Three structural limitations that define the boundary between copilots and agents

10 min read Foundations of Agentic HR

Why this framework matters

If you read one article in this academy, make it this one. The three problems described here – the session problem, the initiation problem, and the learning problem – form the structural boundary between AI that assists and AI that transforms. Every limitation you will encounter in evaluating HR technology can be traced back to one of these three problems. Every architectural decision about your AI stack is, at bottom, a decision about whether and how to solve them.

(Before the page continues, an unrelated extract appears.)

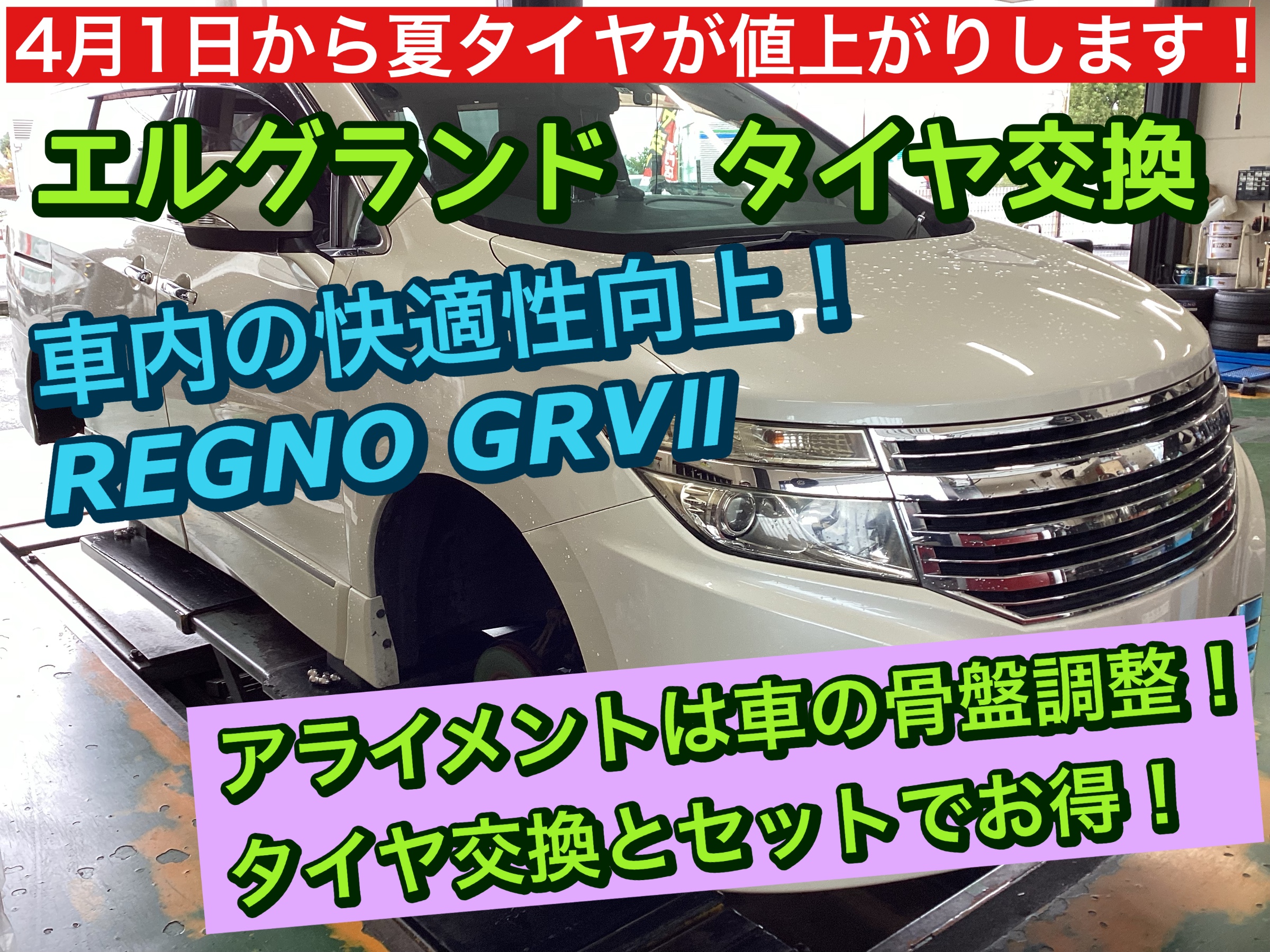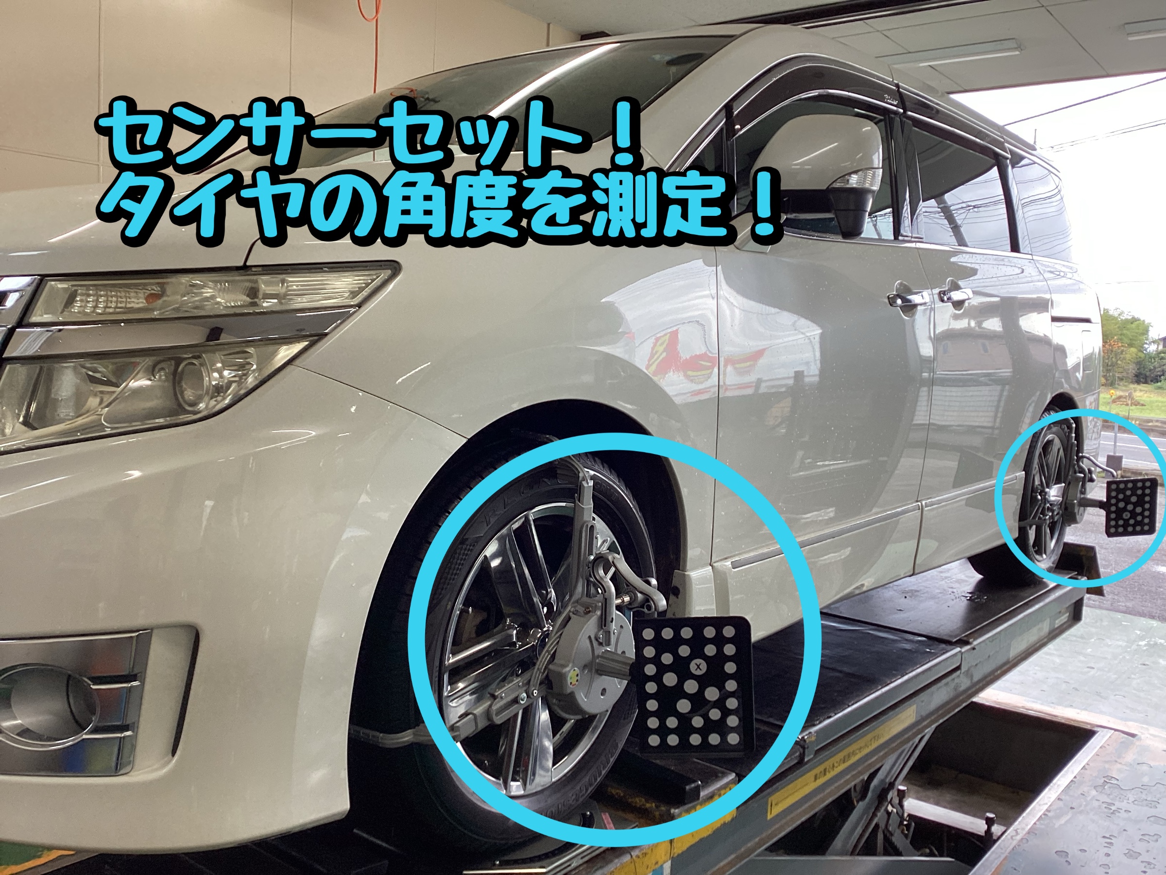 【E52系エルグランド】アライメントははタイヤ交換とセットでお得!【アプリ登録でクーポン使えます!】

These are not product complaints. They are not gaps that a vendor’s next quarterly release will close. They are inherent properties of the copilot paradigm – a paradigm that assumes a human initiates, a machine responds within a session, and the interaction leaves no lasting trace. That paradigm works brilliantly for certain tasks. But it cannot deliver the outcomes that talent leaders increasingly need: proactive workforce optimization, continuous skill development, and organizational learning that compounds over time.

Problem 1: The session problem

The session problem is the most intuitive of the three. It states: a copilot’s context, memory, and continuity exist only while a user is actively interacting with it. When the session ends, everything evaporates.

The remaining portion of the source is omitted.